Zwei US-Amerikaner, die an Ebola erkrankt sind, werden nach Atlanta ausgeflogen, um dort in einer Spezialklinik behandelt zu werden. Der erste Patient, ein Arzt, landete am Samstagabend Mitteleuropäischer Zeit in der Nähe der amerikanischen Großstadt. Er wurde in die Spezialklinik gefahren. In den kommenden Tagen soll die zweite Infizierte US-Amerikanerin, eine Missionarin, folgen.

Damit ist zum ersten Mal ein Ebola-Infizierter in die USA eingereist. Eine Gefahr für die Bevölkerung bestünde nicht, hieß es. Der Arzt und die Missionarin hatten in Liberia in einem Krankenhaus gearbeitet, in dem Ebola-Patienten behandelt wurden. In der Klinik im US-amerikanischen Atlanta wurde vor zwölf Jahren eine auf Ebola spezialisierte Einheit gegründet. Ebola gehört zu einer der tödlichsten Krankheiten und führt in 60 bis 90 Prozent aller Fälle zum Tod.

In Nigeria wurde am Samstag Entwarnung gegeben: zwei Verdachtsfälle haben sich nicht bestätigt. Stattdessen seien die Patienten am Dengue-Fieber erkrankt, sagte der nigerianische Gesundheitsminister. Sie sollen weiter beobachtet werden. Etwa 70 Menschen werden ebenfalls überwacht, da sie Kontakt mit einem Berater der liberianischen Regierung gehabt haben sollen. Der Berater war mit einem Flugzeug in die Hauptstadt Nigerias geflogen und kurze Zeit später in einem Krankenhaus in Lagos an Ebola gestorben.

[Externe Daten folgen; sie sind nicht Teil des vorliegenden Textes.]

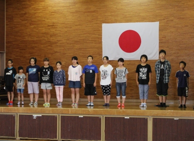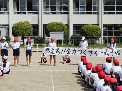 9月8日(月) いよいよ運動会の全体練習が始まりました。今日は、『結団式』が行われ、最初に運営委員の児童から運動会スローガンの発表がありました。今年のスローガンには、5年2組が提案した「燃えろ 全力を尽くすぞ 一武っ子魂」が採用されました。

Die arabische Fluglinie Emirates hat inzwischen mitgeteilt, dass es das westafrikanische Land Guinea wegen der Epidemie nicht mehr anfliegen werde. Ebola war zuerst in Guinea aufgetreten und hatte sich von dort nach Liberia und Sierra Leone ausgebreitet. Liberia und Sierra Leone fliegt Emirates planmäßig nicht an.

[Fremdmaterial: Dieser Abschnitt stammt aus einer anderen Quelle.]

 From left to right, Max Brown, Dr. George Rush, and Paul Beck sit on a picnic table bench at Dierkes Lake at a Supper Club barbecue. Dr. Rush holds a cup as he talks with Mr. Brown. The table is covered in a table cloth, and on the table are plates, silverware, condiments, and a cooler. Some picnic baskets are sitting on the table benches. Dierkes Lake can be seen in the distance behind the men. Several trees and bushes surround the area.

Die Lufthansa hatte erklärt, dass es keine Notwendigkeit gebe, die Sicherheitsvorkehrungen zu verschärfen. Die zur Lufthansa-Gruppe gehörende Brussels Airlines führe ihre elf Flüge pro Woche nach Westafrika auch weiterhin durch. Ein Unternehmenssprecher sagte, die Zahl der Buchungen sei konstant. Der internationale Luftfahrt-Dachverband Iata hatte am Donnerstag erklärt, die WHO sehe keinen Grund für Reisebeschränkungen. Die Gefahr, sich während eines Fluges anzustecken, sei gering und bestehe nur, wenn die Krankheit während des Flugs akut ausbrechen würde. 

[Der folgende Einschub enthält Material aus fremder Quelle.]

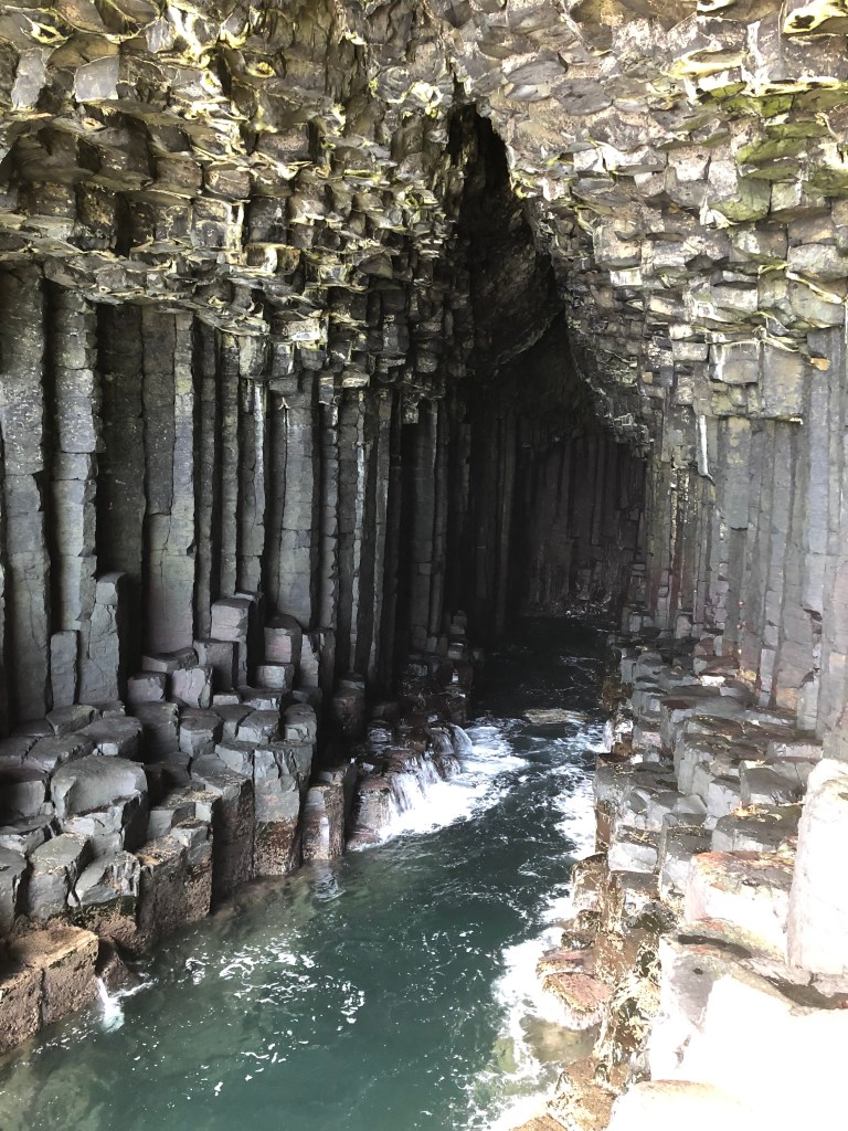 An hour or so north of Iona is the wonderful island of Staffa, full of columnar basalt, tame puffins and Fingal’s Cave, a spectacular sea cave named after the eponymous hero of an epic poem by the Scottish poet James Macpherson. It also inspired Mendelssohn’s concert overture The Hebrides. Anchoring off the island, we dinghied ashore and explored all of this, enjoying the spectacular rock formations.

Nach Angaben der WHO sind seit Februar mindestens 729 Menschen an dem Virus gestorben, darunter 60 medizinische Kräfte. Mehr als 1.300 Menschen hätten sich infiziert. Die Übertragung erfolgt, anders als etwa bei der Grippe, nicht über die Luft, sondern durch den direkten Kontakt von Körperflüssigkeiten. Der Virus verbreitet sich durch direkten Kontakt mit Blut, Urin, Speichel oder anderen Körperflüssigkeiten von einer infizierten Person.